L’homme insensible et froid en vain s’attache à peindre
Ces sentiments du cœur que l’esprit ne peut feindre ;
De ses tableaux fardés les frivoles appas
N’iront jamais au cœur dont ils ne viennent pas.
Eh ! comment me tracer une image fidèle
Des traits dont votre main ignore le modèle ?
Mais celui qui, dans soi descendant en secret,
Le contemple vivant, ce modèle parfait,
C’est lui qui nous enflamme au feu qui le dévore ;
Lui qui fait adorer la vertu qu’il adore ;
Lui qui trace, en un vers des Muses agréé,
Un sentiment profond que son cœur a créé.
Aimer, sentir, c’est là cette ivresse vantée
Qu’aux célestes foyers déroba Prométhée.
Calliope jamais daigna-t-elle enflammer
Un cœur inaccessible à la douceur d’aimer ?

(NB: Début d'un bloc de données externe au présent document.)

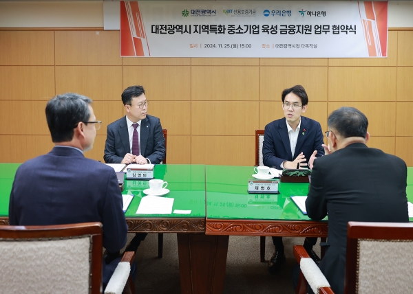 이날 협약식에는 장호종 대전시 경제과학부시장과 채병호 신용보증기금 신용사업부문 이사, 김영민 우리은행 대전충청남부 영업본부 본부장, 함종덕 하나은행 대전세종영업본부 지역대표가 참석해 금융지원을 위한 구체적인 실행 계획을 논의했다.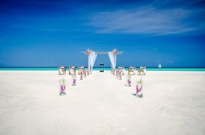 O mar azul turquesa que envolve o One&Only Reethi Rah, nas Ilhas Maldivas, forma uma paisagem paradisíaca que combina perfeitamente com o romantismo de uma festa de casamento. A celebração pode acontecer na praia de areia branquinha com vista estonteante do mar ou ainda em frente à vila privativa do casal no resort, com uma porção extra de intimidade e romantismo. Totalmente planejados de acordo com o sonho dos noivos, cada casamento que acontece ali é único – seja uma grande celebração com DJ até o amanhecer ou uma pequena cerimônia apenas para o casal – e cuidadosamente planejado por um coordenador de eventos. Arranjos personalizados de flores frescas e típicas das ilhas Maldivas enfeitam a cerimônia e um carrinho de golf especialmente decorado para os recém-casados adiciona charme e bom humor a esse momento tão especial.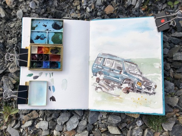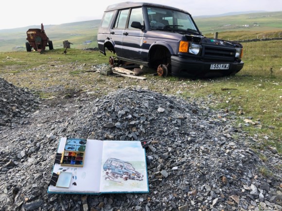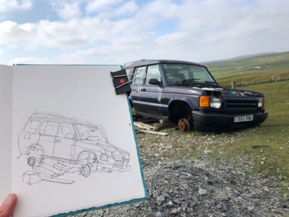 Abandoned cars are a feature of the landscape in Shetland. This one is in the initial stages of decay.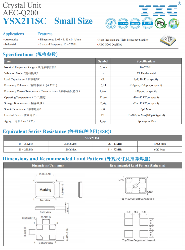 YXC车规谐振器YSX211SC,标称频率50MHZ,搭配8PF负载电容,常温频偏±10PPM,工作温度-40~125℃ ,以下为YSX211SC系列规格书。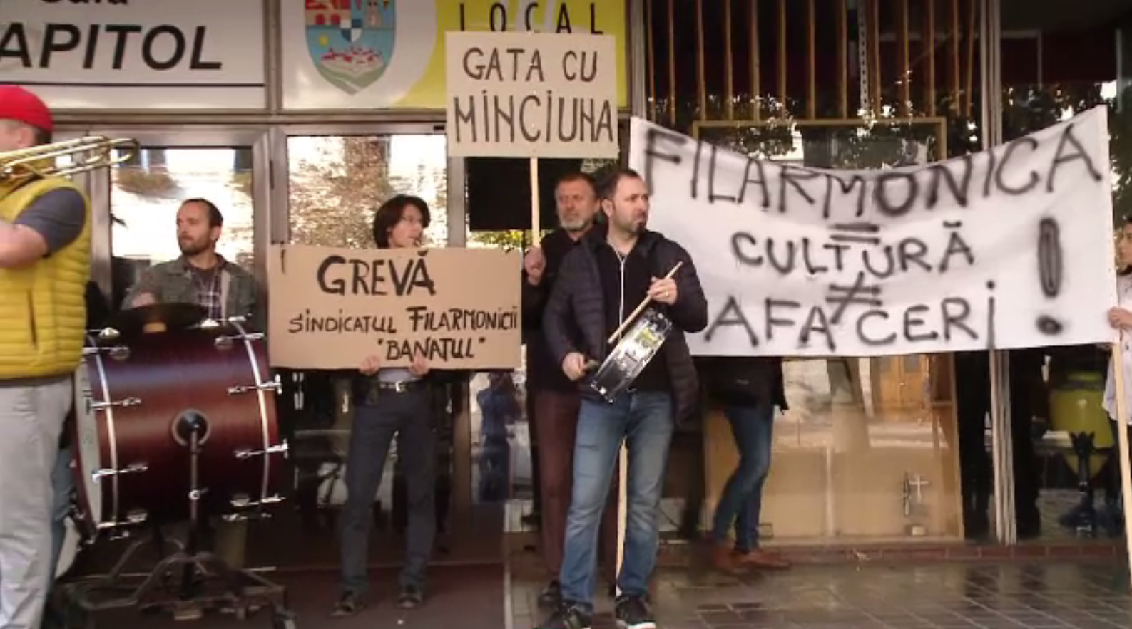 Într-o grevă muzicală au intrat angajaţii Filarmonicii Banatul, care au protestat ...
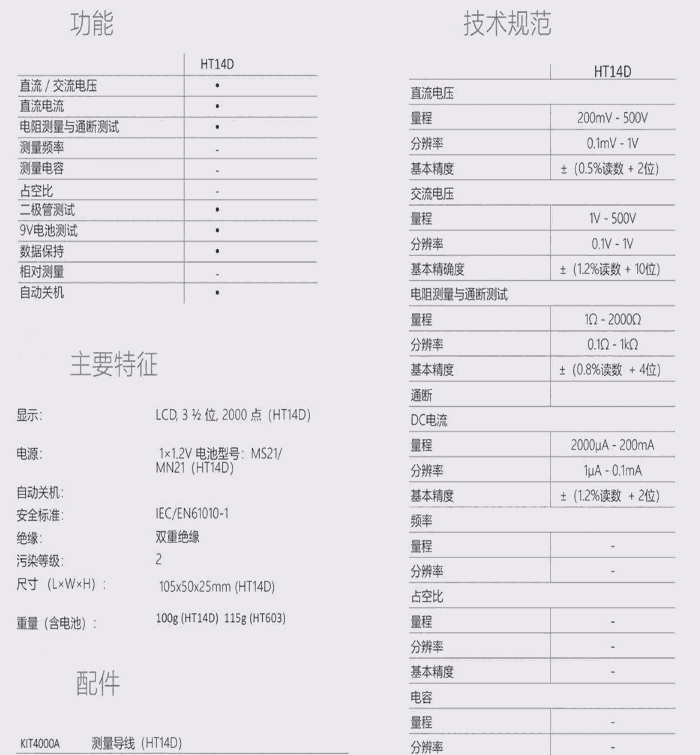 H T 1 4 D 是一款紧凑型数字万用表,主要测量500V的交/直流电压、200mA的直流电流,执行电阻测量、二极管测试、9V碱性电池检测等功能。设备根据IEC/EN61010-1安全标准设计,CAT III3 0 0 V双重保护绝缘。H T 1 4 D具有宽阔的LCD显示屏,可以通过相关开关选择各项功能。该设备的另一项功能是数据保持功能,将数据冻结在显示屏上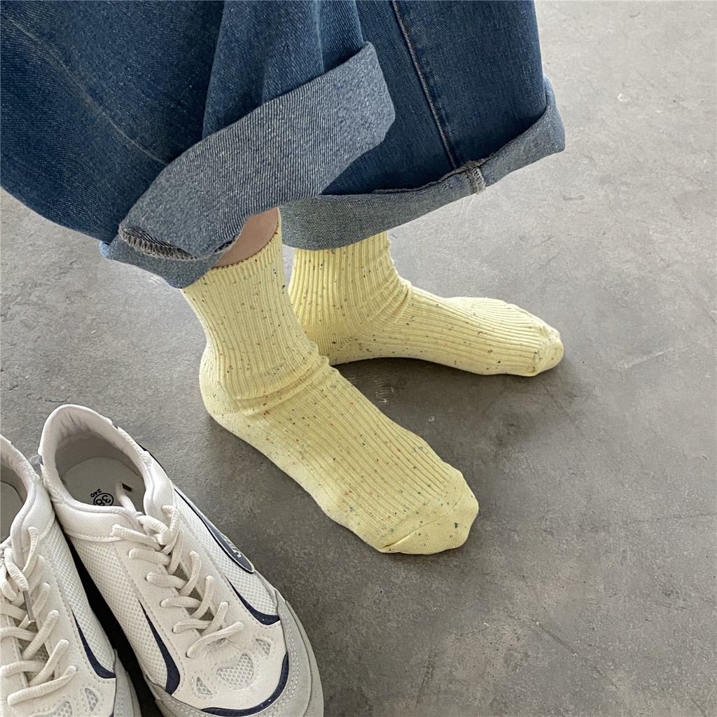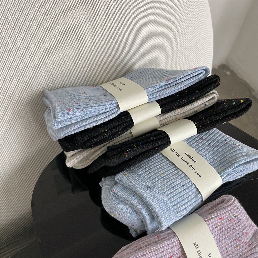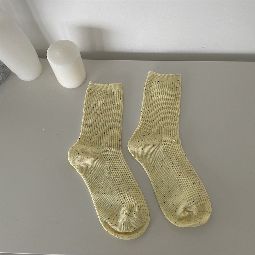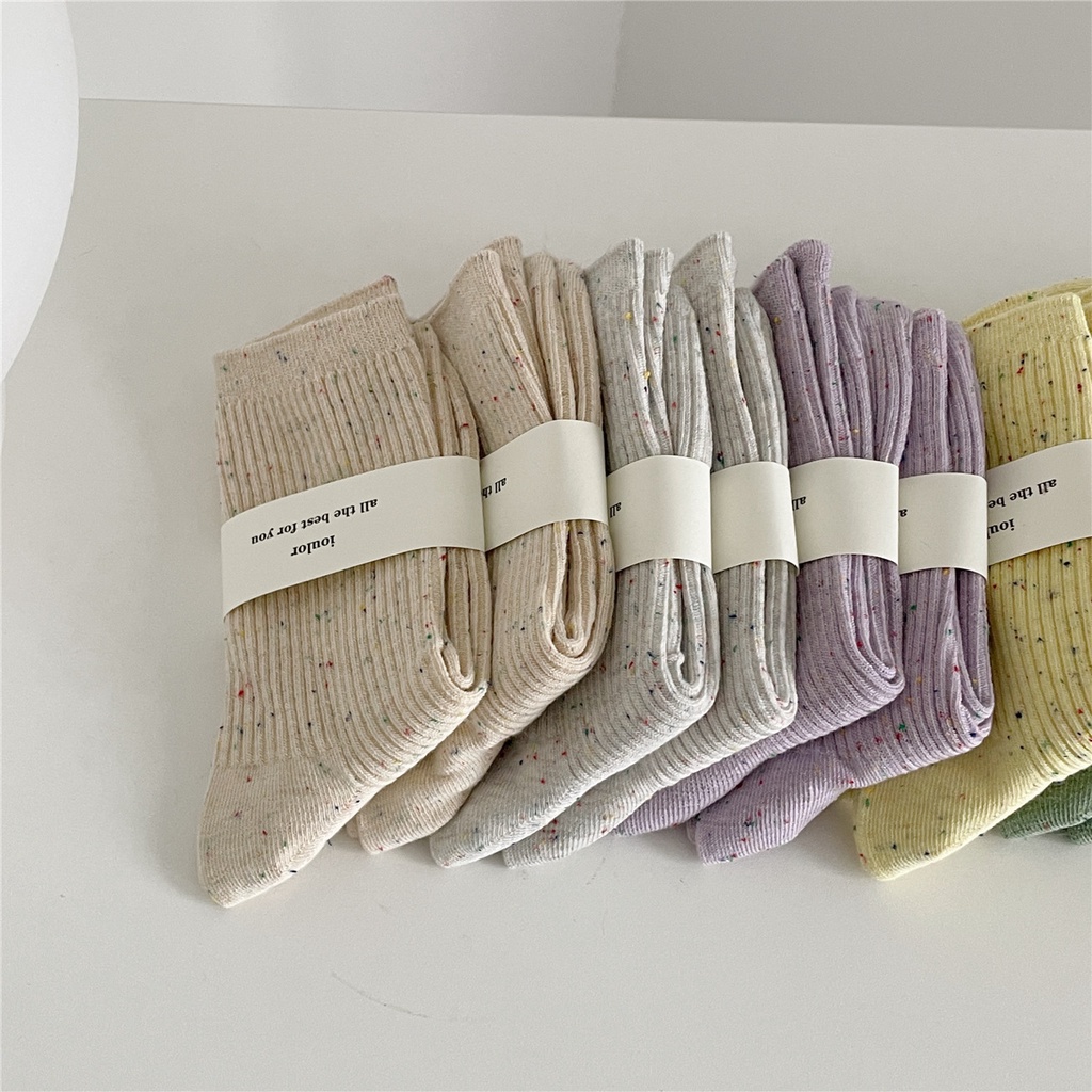 Kafu D728 ฤดูใบไม้ผลิ ใหม่ หวาน ไอเดีย เส้นด้าย สาว ท่อกลาง ถุงเท้า แถบบาง ถุงเท้า สีพื้น สําหรับผู้หญิง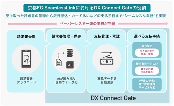 京都FG SeamlessLinkは、京都銀行による金融や決済領域の知見と、外部パートナーが持つ経理業務やシステム分野の知見を組み合わせ、請求書管理、経費精算、勤怠管理、資金決済などバックオフィス関連業務のデジタル化を支援するサービスだ。ここにTISのDX Connect Gateが加わることで、「請求書の受領から支払いまで」をデジタル化し、一元管理が可能になる。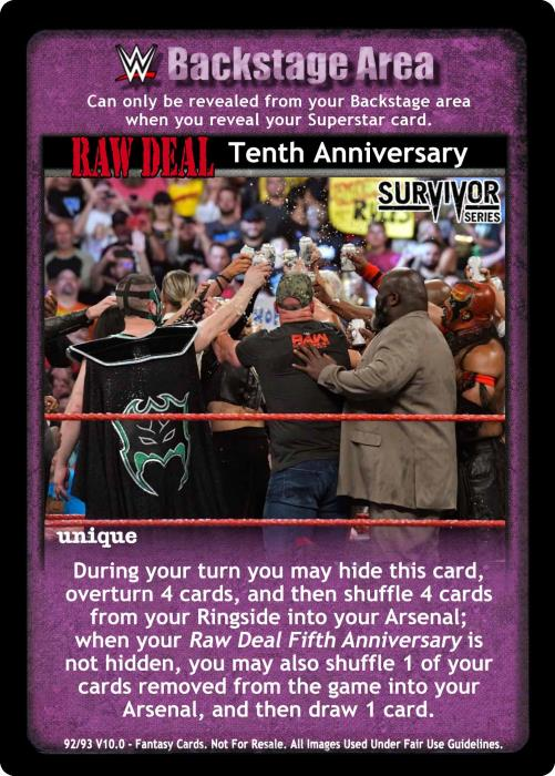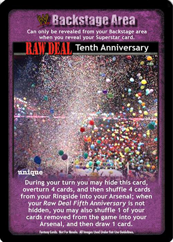 During your turn you may hide this card, overturn 4 cards, and then shuffle 4 cards from your Ringside into your Arsenal; when your Raw Deal Fifth Anniversary is not hidden, you may also shuffle 1 of your cards removed from the game into your Arsenal, and then draw 1 card.

Non : l’amour, l’amitié, la sublime harmonie,
Tous ces dons précieux n’ont qu’un même génie ;
Même souffle anima le poète charmant,
L’ami religieux et le parfait amant ;
Ce sont toutes vertus d’une âme grande et fière.
Bavius et Zoïle, et Gacon et Linière,

  1. Le marquis de Braisais avait composé un poème de l’Année, qui est resté manuscrit.